Handbook of Research on AI and ML for Intelligent Machines and Systems

Download Handbook of Research on AI and ML for Intelligent Machines and Systems PDF Online Free

Author :
Release : 2023-11-27
Genre : Computers
Kind :
Book Rating : /5 ( reviews)

Handbook of Research on AI and ML for Intelligent Machines and Systems - read free eBook in online reader or directly download on the web page. Select files or add your book in reader.

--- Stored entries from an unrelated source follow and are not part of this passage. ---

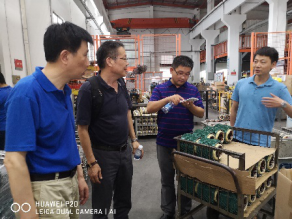 在德驱驰,公司总经理陈仙根在贵宾厅与调研组交流了企业现状、企业警策文、企业愿景、使命等,并陪同参观了企业生产重地及培训基地;王寅、宁银行分别就电机控制器的研究、电机本体的研究向陈仙根进行了介绍,赵朝会介绍了我校在《基于中国芯的宽禁带半导体器件BLDC高速控制器》、《混合励磁电机》、《铜转子异步电机》等方面的研究情况。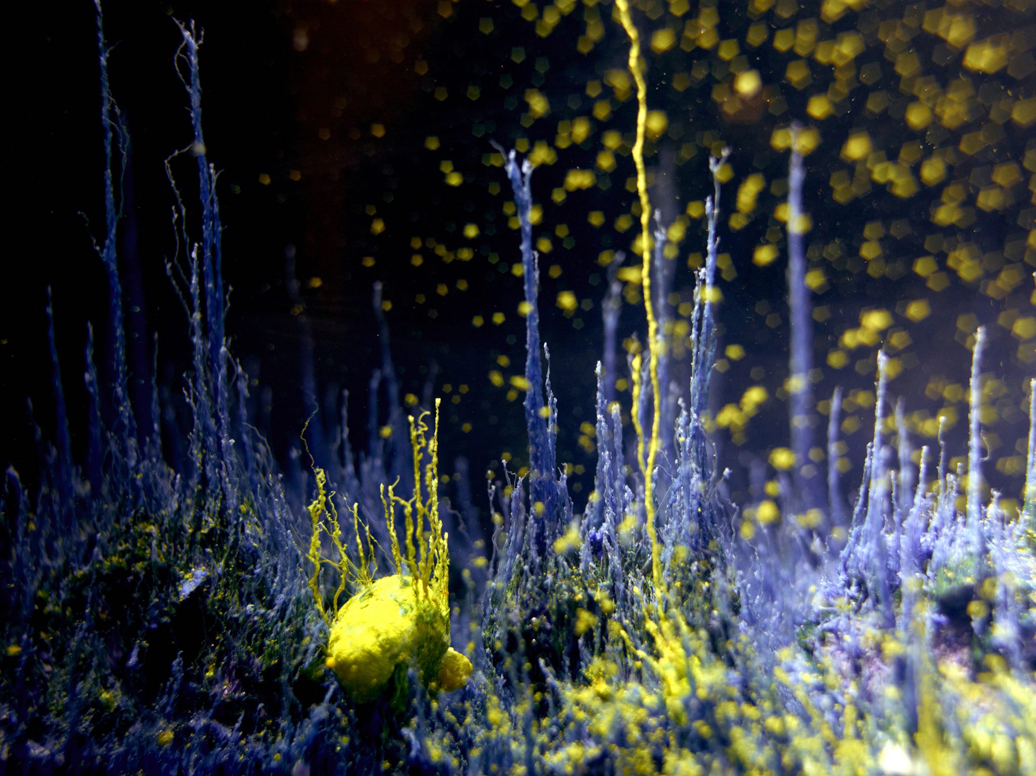 La serie “Presage” pone nuova luce sulla materia inorganica, generalmente intesa come statica e immutevole poiché caratterizzata da tempi evolutivi estremamente diversi da quelli dell’essere umano, mostrando invece le trasformazioni repentinegenerate dalle interazioni con alcune sostanze specifiche. Il mondo minerale assume quindi delle prerogative considerate proprie dei sistemi viventi in una dimensione che non risponde alle tradizionali leggi della fisica e invita così l’osservatore a sviluppare percorsi immaginifici, sperimentando la presenza inedita delle energie e delle forze scaturite dalla materia.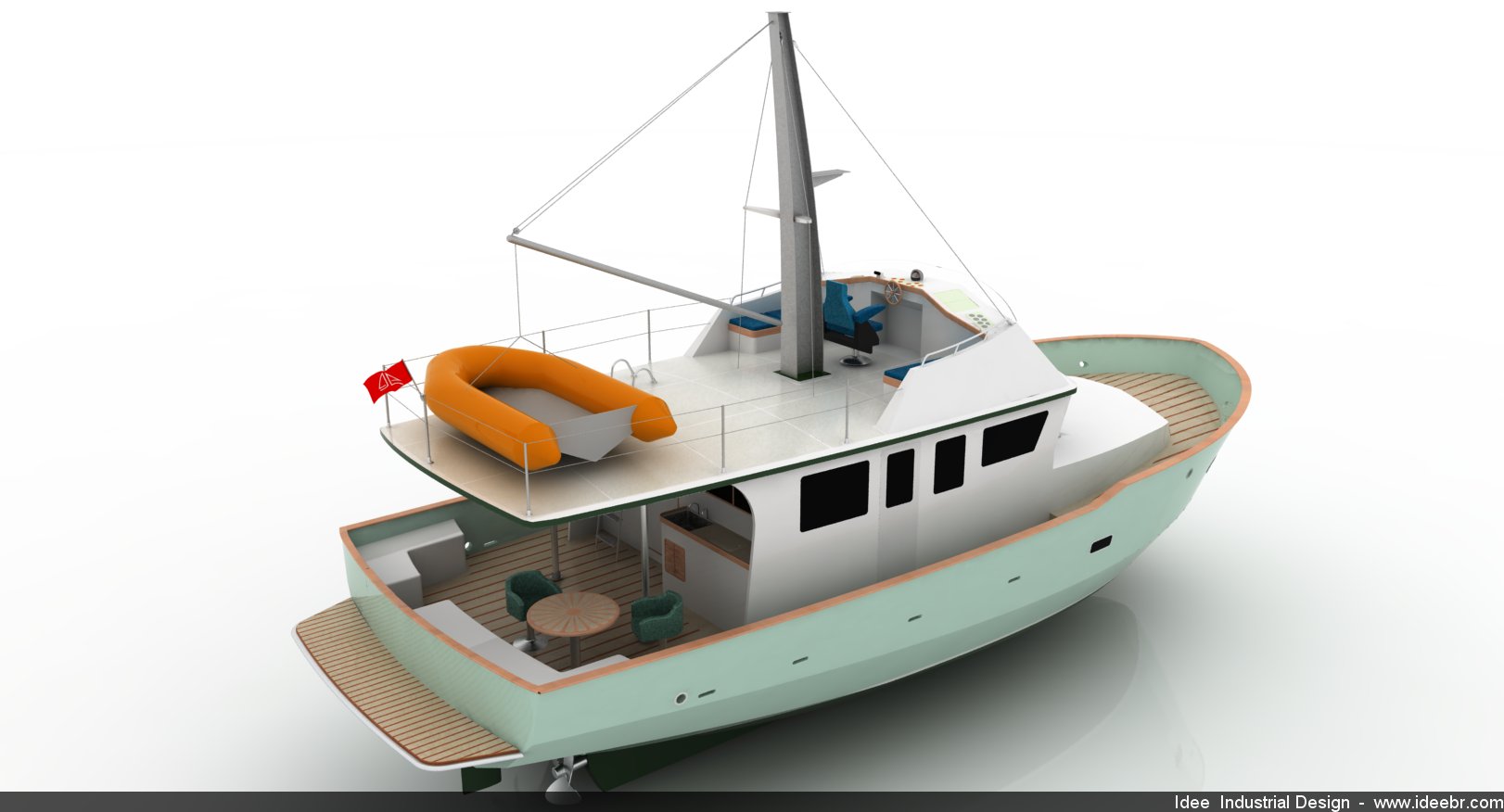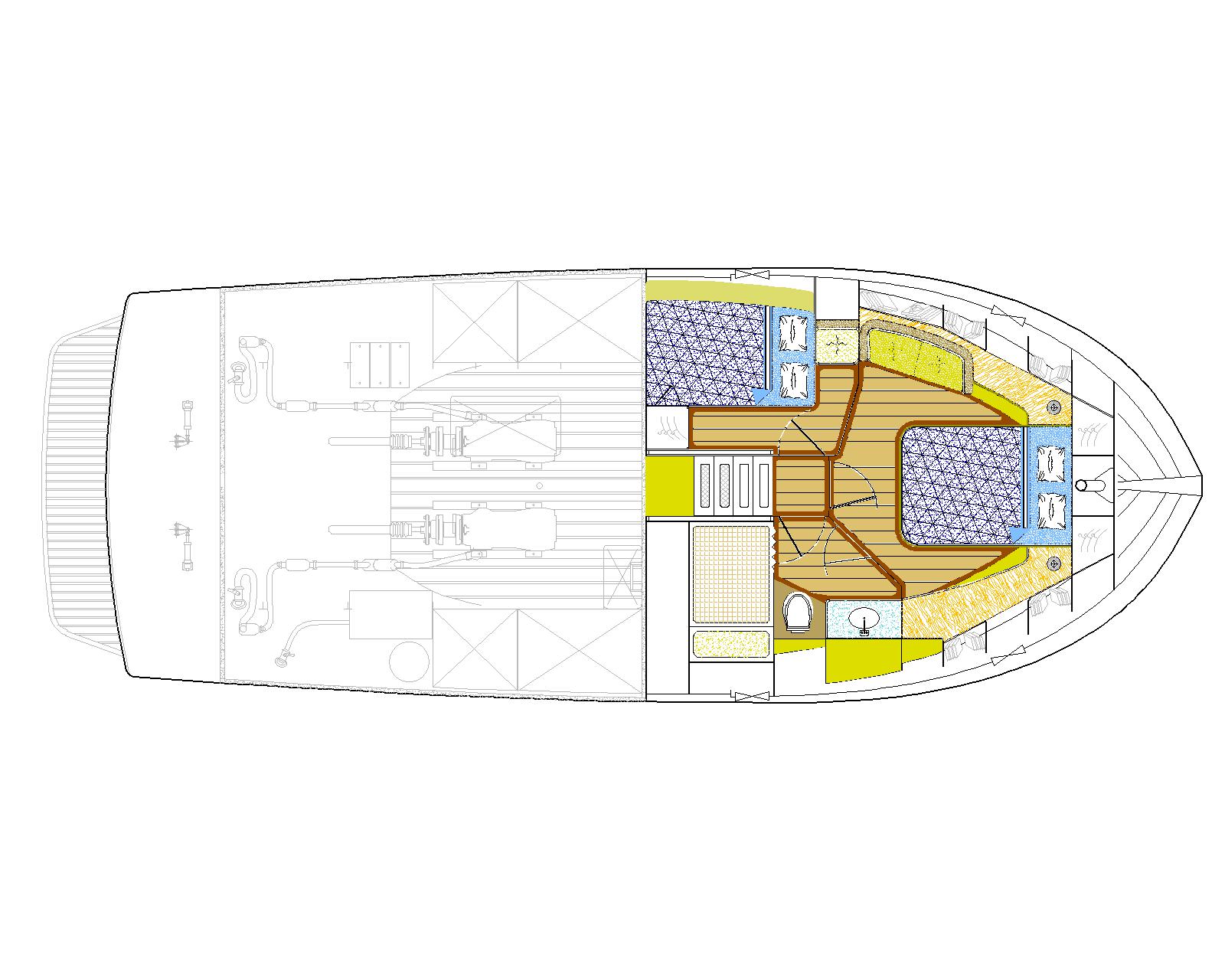 The aft deck furniture equals in cosiness and comfort that of the main saloon. There are two L shaped seats, one at each corner of the transom, the starboard one being added by a garden style table with two extra chairs. To make life more enjoyable, a kitchen bench, with sink and refrigerator, is placed at the rear of the saloon aft wall, a step away from the aft deck seats. The cold beer is at an arm’s reach. Functionality is the design principle for the fly-bridge. The pilot seat is placed just in front of the auxiliary mast, which main function is to hold a pole intended to be used in hoisting the tender boat to the upper deck. The pilot seat is sided by a pair of double seats, just abaft the fore coaming polycarbonate wind screen.

Download and read online ebook Handbook of Research on AI and ML for Intelligent Machines and Systems write by Gupta, Brij B.. This book was released on 2023-11-27. Handbook of Research on AI and ML for Intelligent Machines and Systems available in PDF, EPUB and Kindle. The Handbook of Research on AI and ML for Intelligent Machines and Systems offers a comprehensive exploration of the pivotal role played by artificial intelligence (AI) and machine learning (ML) technologies in the development of intelligent machines. As the demand for intelligent machines continues to rise across various sectors, understanding the integration of these advanced technologies becomes paramount. While AI and ML have individually showcased their capabilities in developing robust intelligent machine systems and services, their fusion holds the key to propelling intelligent machines to a new realm of transformation. By compiling recent advancements in intelligent machines that rely on machine learning and deep learning technologies, this book serves as a vital resource for researchers, graduate students, PhD scholars, faculty members, scientists, and software developers. It offers valuable insights into the key concepts of AI and ML, covering essential security aspects, current trends, and often overlooked perspectives that are crucial for achieving comprehensive understanding. It not only explores the theoretical foundations of AI and ML but also provides guidance on applying these techniques to solve real-world problems. Unlike traditional texts, it offers flexibility through its distinctive module-based structure, allowing readers to follow their own learning paths.